It all left the kitchen a mess, but usually I was cleaning things as I cooked dinner anyway, and I didn’t complain when he danced around me with hot trays of this and that as long as I had oven space to finish the casserole or meatloaf. This lasted through the oncoming autumn and winter, and though we didn’t entertain for Thanksgiving or Christmas, our fridge was full enough of leftovers that it appeared we had.
“We may not have the best house on the block,” he said one night, as the children scarfed down second helpings of organic berry cobbler, “but at least we can enjoy the simple pleasure of food.”
I couldn’t argue with that. He’d become an amazing cook, and the kids and I had gotten into the habit of expecting an elaborate dessert to follow every meal. Double chocolate soufflé with candied orange peels became such a regularity that I was struck one day with the realization that Giles was not sinking into the new routine like I was. The more he cooked, the more time he spent looking out the windows. Not only at the Robertsons and their flock of strutting peacocks, but also at the open lot, a presence I had nearly forgotten.
One summer evening before bed, Giles and I watched a 40-minute cooking competition on the food channel. It was a rerun of a Christmas episode where the contestants were tasked with creating spectacular gingerbread houses large enough for children to play in, and while I absorbed the clock’s decreasing numbers and the judges’ resolute faces, I glanced over at Giles once to see his eyes were bright and wide, the television’s images playing back in them like a vividly recollected dream.
The next morning, he was not in the bed, and a bright red woodchipper was situated at the front of the vacant lot, consuming the saplings being tossed into it by workers in neon vests with a deafening roar. Giles directed them with a knobby finger. I didn’t ask him about it at dinner that night, as the manic energy with which he consumed his chicken breast made me aware of myself in a way I wasn’t fond of.
“They’ve finally cleared that vacant lot,” was all I said.

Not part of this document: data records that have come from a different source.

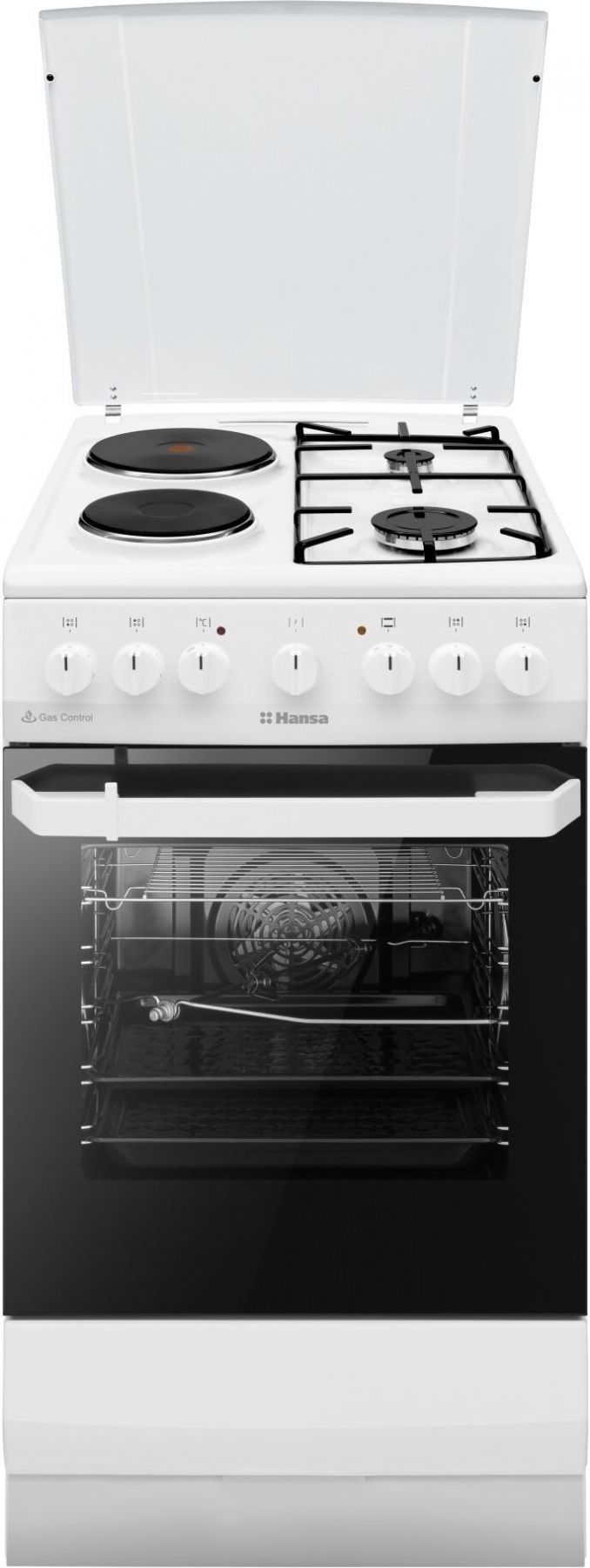 Плита Hansa з комбі. вар. поверхнею, 50х60см, 65л, емаль, газ контр., білий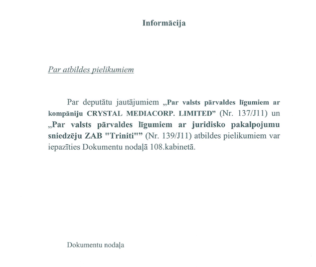 Pirms mēs slēdzam šo sēdi, es vēlos informēt, ka deputāti bija uzdevuši vairākus jautājumus gan Ministru prezidentei, gan ministriem. Atbildes ir sniegtas, jautājumu iesniedzēji nav vēlējušies uzdot papildjautājumus. Līdz ar to šovakar pulksten 17.00 mutvārdu atbilžu sniegšana netiks rīkota.
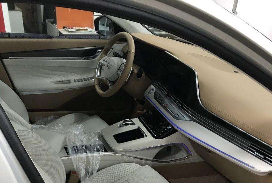 В інтер’єрі помітно покращився не тільки дизайн, а й якість матеріалів оздоблення. Елементи управління на багатофункціональному кермі стануть хромованими, з’явиться багато елементів, оздоблених під шкіру. Наприклад, салон екземпляра, знімки якого опинилися в розпорядженні Top Rider, оформлено у двох відтінках бежевого з чорними елементами, що більше ріднить седан з флагманськими моделями Genesis, ніж з актуальним Grandeur.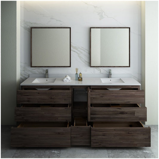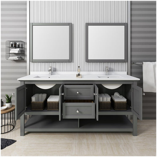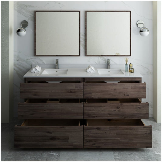 72 Floor Standing Double Sink Bathroom Vanity w/ Mirrors, FVN31-3636ACA-FC

He confirmed that they had, and I got the sense from his voice that his mind was miles away. So, after a few minutes of bearing the dinnertime silence, I questioned our son about his college plans. Francis’s ensuing manifesto was more detailed than any personal statement I’d ever written, and it spanned the rest of the meal. His declarations of his superior work ethic and his promises to make something of himself rang off the glass bowl of Hamburger Helper cooling to room temperature next to the stove.
Within a week, the only evidence that remained of the house fire were the scorch marks on our siding. I got up one morning and migrated to the window with my tea only to be struck with the view of our neighbors’ house, which I hadn’t seen for years. I passed the summer in the kind of bleary, cranky headspace that comes after one is awakened from a nap, driving Francis to repeated ACT tests and Abby to sleepover parties. Giles ceased production of desserts as well, which made the dinners I produced seem even more inadequate than before. Suddenly, he was too busy to cook, or even to eat. Busy with what, I didn’t know. He would sit down to a meal with us, take a bite, and then dash off to make a “quick” phone call that never ended until we’d all left the table.
I knew he was planning something, from the large sheets of paper that billowed like white sails when he moved them around the house, and the irregular tap, tap, tap of calculator keys that always arose when I least needed it, but I never asked what. Instead, I did my own planning, stewing in my indignance that he didn’t enlighten me as to what he was doing, and composing in a hundred ways what I would say when it all came to light.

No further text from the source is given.